Anastasia ist ein US-amerikanisches Filmdrama des Regisseurs Anatole Litvak aus dem Jahre 1956. Grundlage des Drehbuchs bildete das gleichnamige Bühnenstück von Marcelle Maurette. Deutschland-Premiere des in Cinemascope gedrehten Films war am 22. Februar 1957.

Die historische Person Anna Anderson war nach 1920 mit der Behauptung aufgetreten, sie sei die Zarentochter Anastasia Nikolajewna Romanowa, die die Ermordung ihrer Familie durch die Bolschewiken 1918 überlebt habe.

Ebenfalls 1956 erschien der von Falk Harnack gedrehte deutsche Film Anastasia, die letzte Zarentochter mit Lilli Palmer in der Titelrolle.

Handlung[Bearbeiten]

Eine Gruppe russischer Emigranten trifft in Paris um 1920 auf eine junge verwirrte Frau. Die Russen wollen sie dazu bewegen, der Welt zu verkünden, sie sei Anastasia. Sie wollen an das Geld kommen, das der ermordete Zar einst auf einer englischen Bank deponiert hatte. Der Wortführer der Russen, General Bounine, lehrt die Frau Benehmen und Auftreten einer Zarentochter; ihr wird alles über Anastasias Kindheit beigebracht.

Nach der Schulung wird sie verschiedenen Leuten vorgestellt, die Anastasia kannten. Niemand glaubt wirklich, dass die junge Frau Anastasia ist. Die richtige Härteprobe erfolgt, als sie mit General Bounine nach Dänemark reist. In Kopenhagen soll sie die Zarenmutter Maria Feodorovna, ihre mutmaßliche Großmutter, treffen. Anfangs glaubt die alte Dame nicht, ihre Enkelin vor sich zu haben. Als Anna/Anastasia jedoch aus Nervosität hustet, erinnert sich die Zarenmutter daran, dass auch Anastasia in ihrer Kindheit immer gehustet hat, wenn sie aufgeregt oder nervös war.

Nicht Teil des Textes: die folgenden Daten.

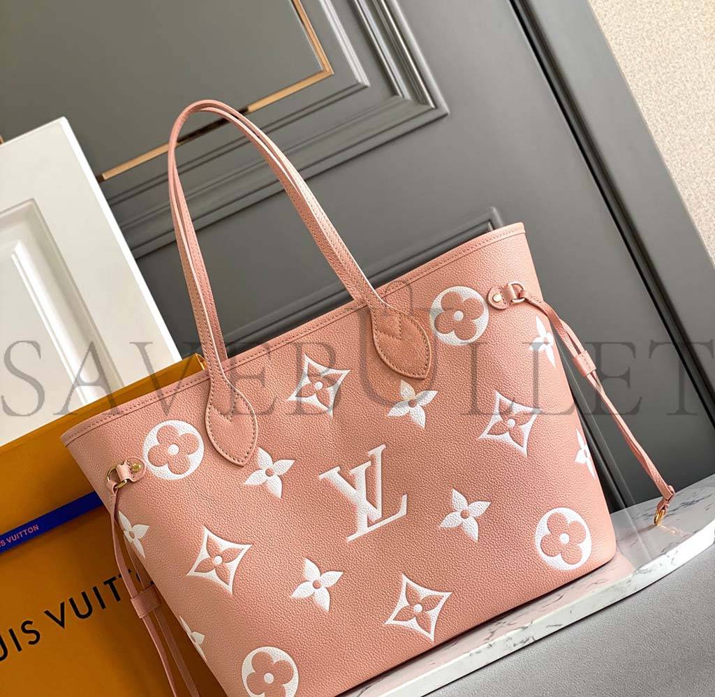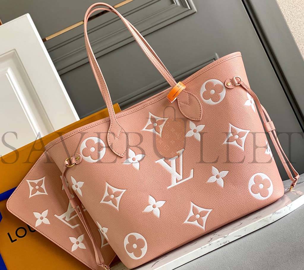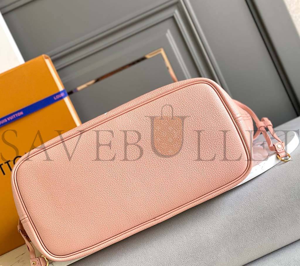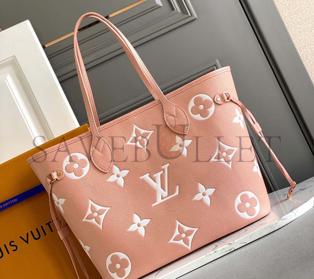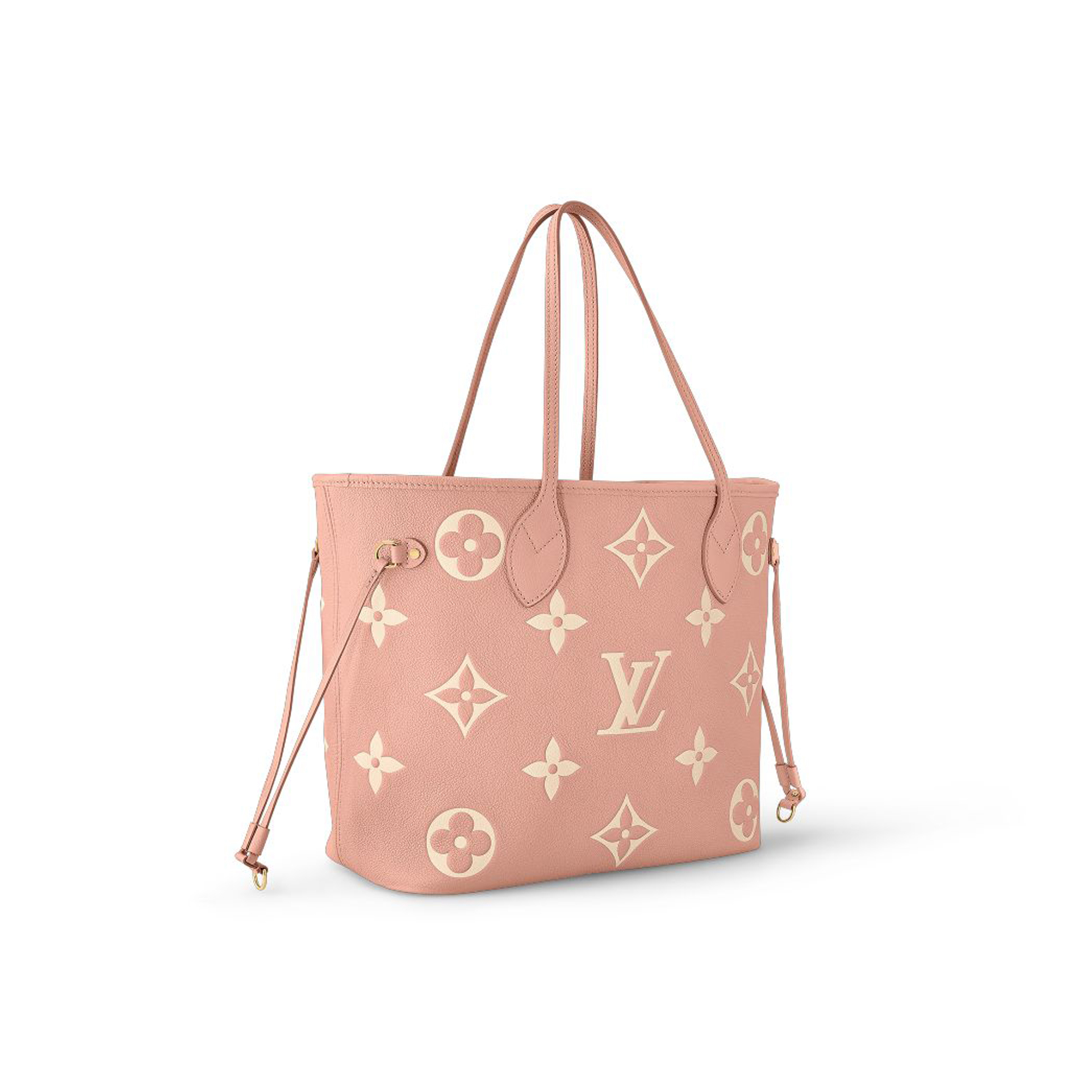 The Neverfull MM tote bag is made from embossed Monogram Empreinte leather with cream-color Monogram Blossoms and LVs on a pink background. Versatile, the side laces of the roomy bag can be tightened for a sleeker silhouette or loosened for a more casual look and easy access to what��s inside.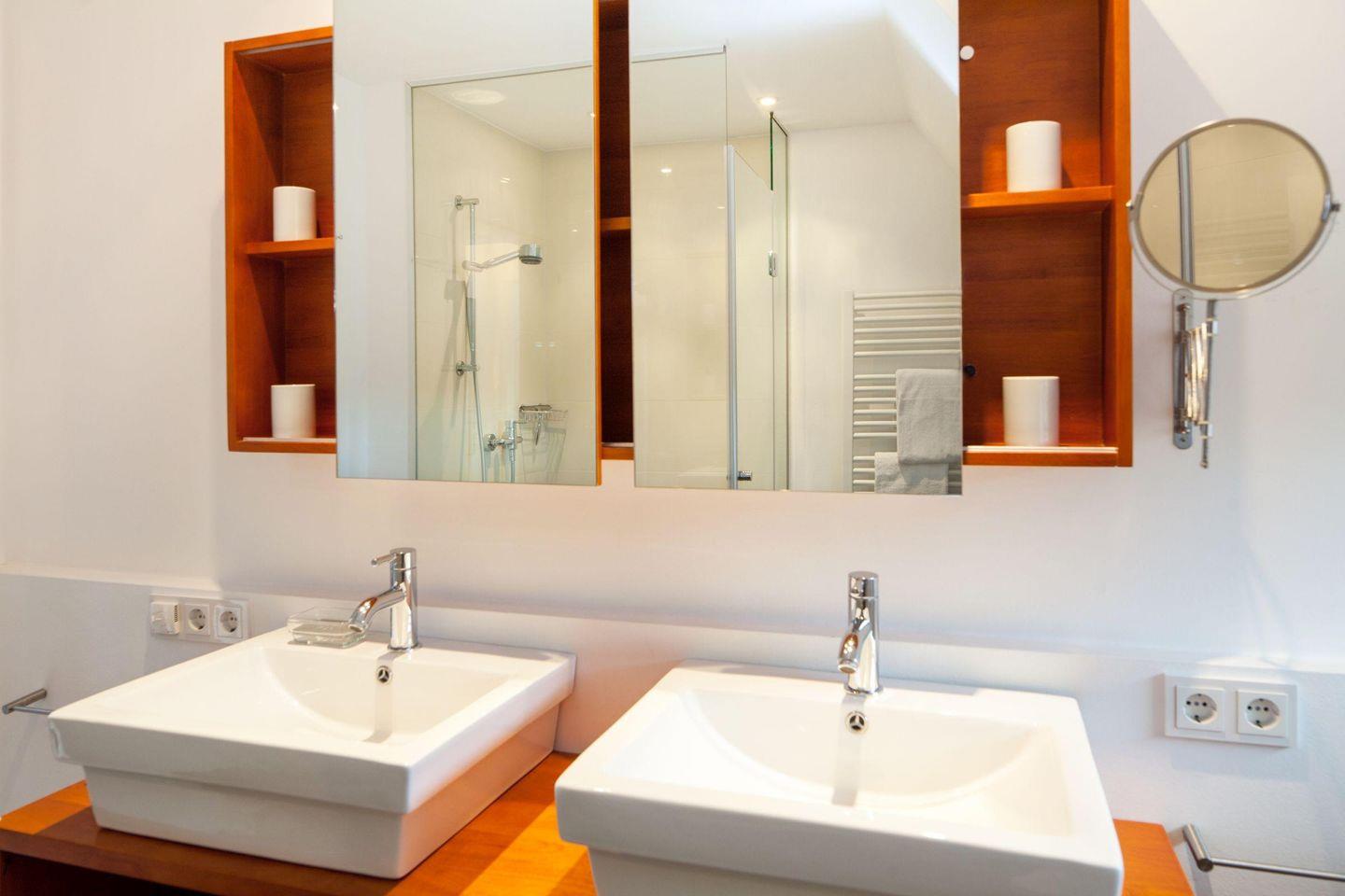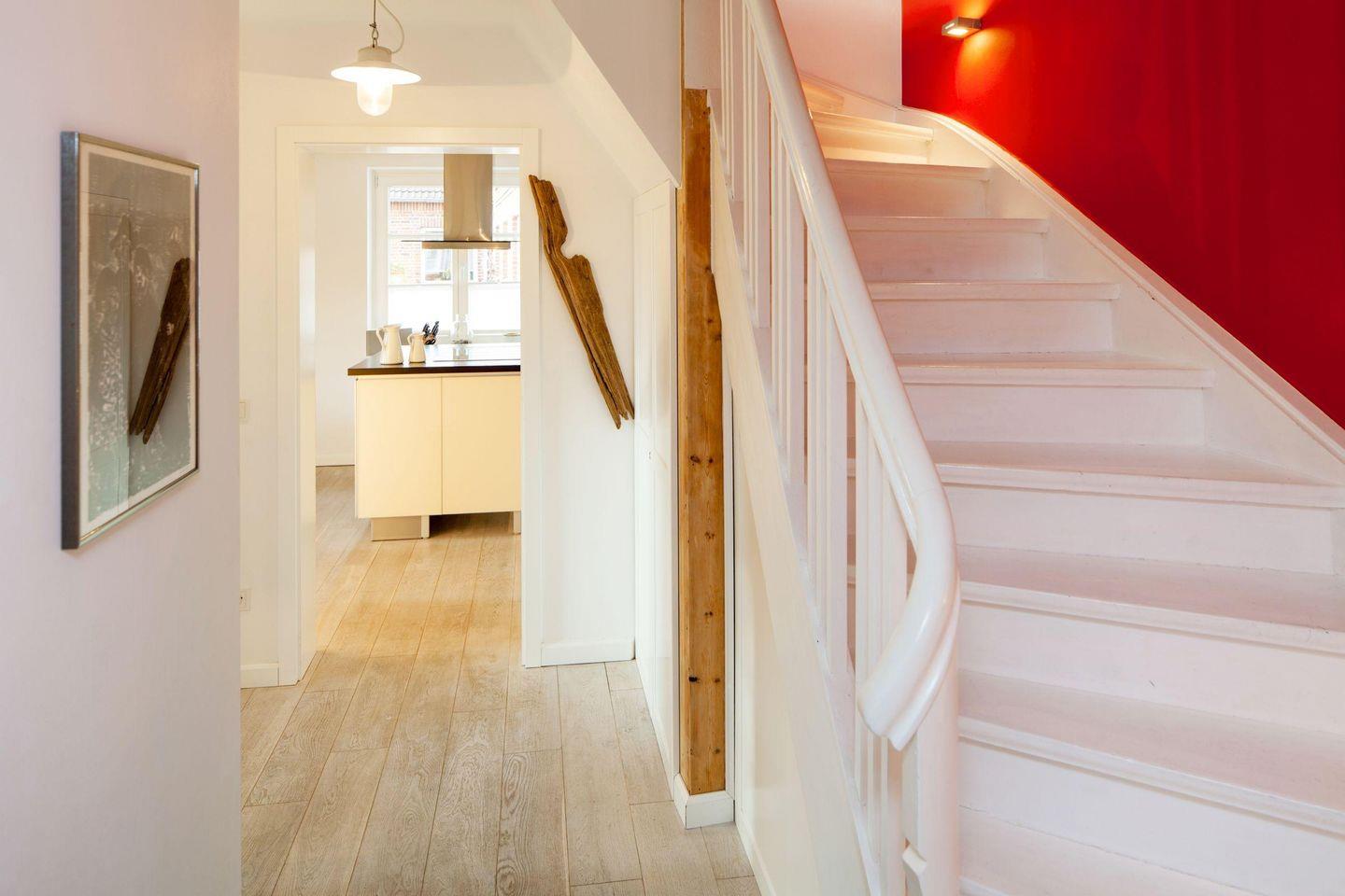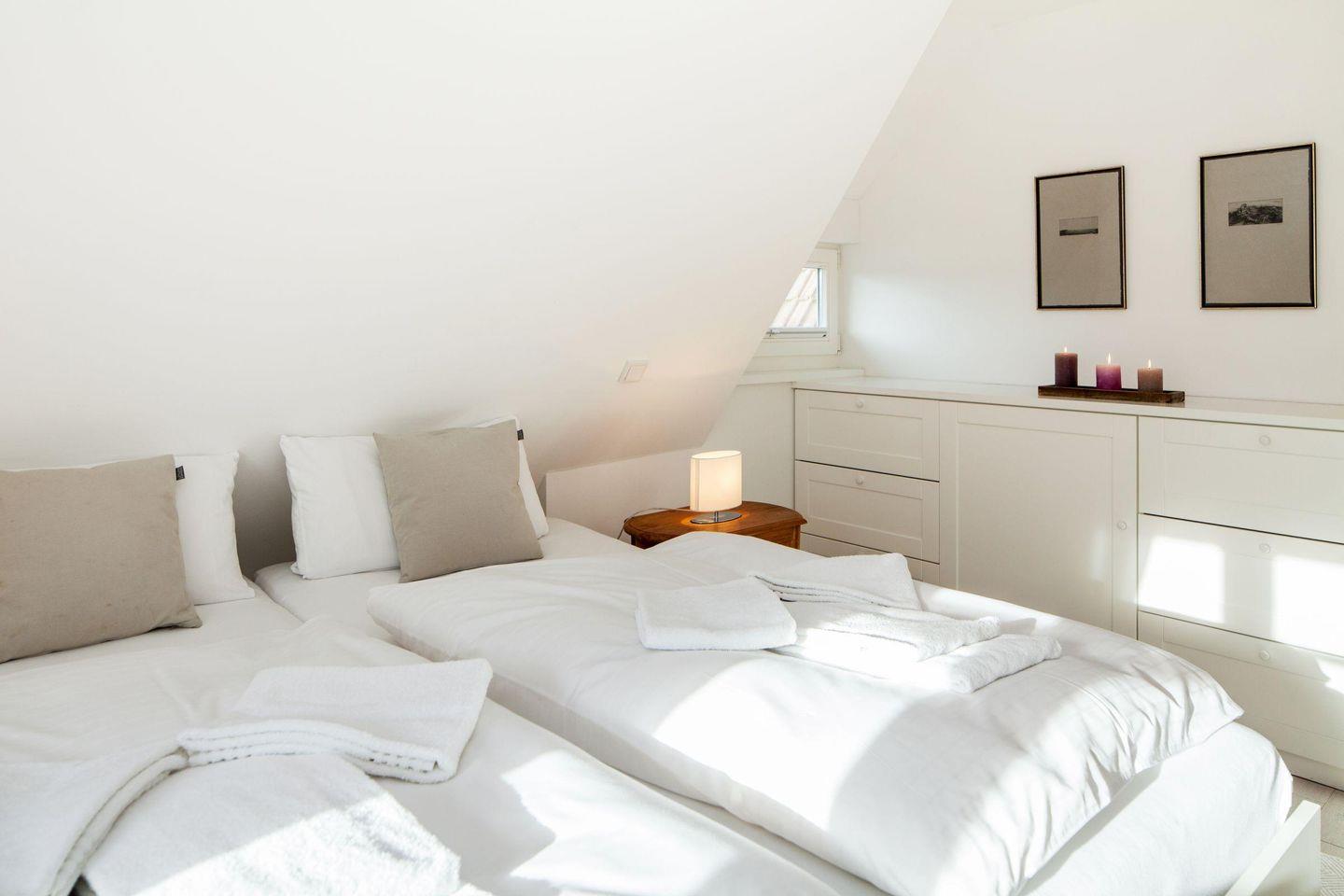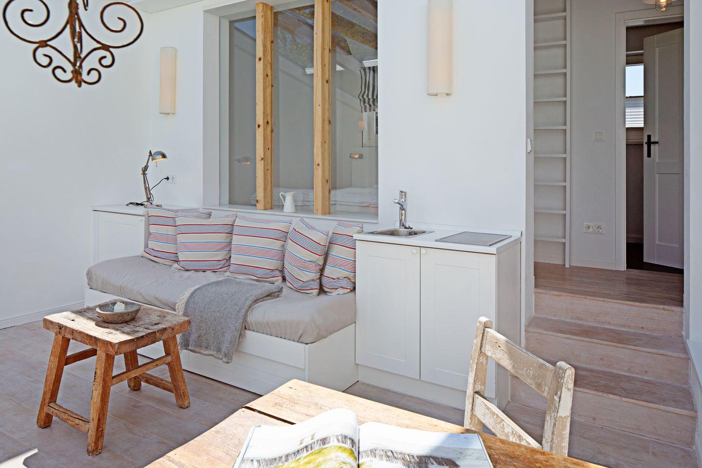 Sie betreten das Haus über einen kleinen Flur mit großzügiger Garderobe. Links gelangen Sie in das Haupthaus, rechts in den Wintergarten-Anbau. Im gesamten Haus sorgen weiß gekalkte Eichendielen für eine helle, freundliche Atmosphäre. Über eine helle Holztreppe gelangen Sie in den ersten Stock, wo sich ein Schlafzimmer mit Doppelbett, ein Kinderzimmer mit zwei Einzelbetten und ein Badezimmer mit großer Dusche, zwei Waschbecken, WC, Bidet und Fußbodenheizung befinden. Ein weiteres Doppelbett steht im Wintergarten-Anbau im Erdgeschoss zur Verfügung.

In der Zwischenzeit hat Prinz Paul vor, Anastasia zu heiraten. Der als Glücksritter bekannte Prinz hat es ebenfalls auf das Geld der Zarentochter abgesehen. Auf einem Ball will die Zarenmutter die Verlobung zwischen Paul und Anastasia verkünden. Aber Anastasia und General Bounine sind plötzlich verschwunden. Nun erkennt die alte Frau, dass Anna nicht ihre Enkelin war; sie schickt die Gäste nach Hause.

Kritiken[Bearbeiten]

  • Der film-dienst bezeichnet den Film "als romantisches Drama am Rande der Weltgeschichte inszeniert; psychologisch interessant und ausgezeichnet gespielt. Unterhaltung auf hohem Niveau."[1]

Hintergrund[Bearbeiten]

  • Der Film bedeutete das Hollywood-Comeback von Ingrid Bergman, die wegen ihrer Liebesbeziehung zu dem anfangs noch mit einer anderen Frau verheirateten Roberto Rossellini von US-Produzenten nicht mehr besetzt worden war.
  • Im Gegensatz zum Spielfilm von 1956 geht der 1997 gedrehte US-amerikanische Zeichentrickfilm Anastasia von einer tatsächlich überlebenden Zarentochter aus.

Auszeichnungen[Bearbeiten]

Weblinks[Bearbeiten]

Literatur[Bearbeiten]

  • Marcelle Maurette und Guy Bolton: Anastasia. Schauspiel in drei Akten. Bühnenverlag Ahn & Simrock, Berlin 1953, 100 S. [Bühnenmanuskript]
  • Peter Kurth: Anastasia, die letzte Zarentochter. Das Geheimnis der Anna Anderson - Lübbe, Bergisch Gladbach 1989 - ISBN 3-404-11511-2

Einzelnachweise[Bearbeiten]

  1. vgl. Lexikon des internationalen Films 2000/2001 (CD-ROM)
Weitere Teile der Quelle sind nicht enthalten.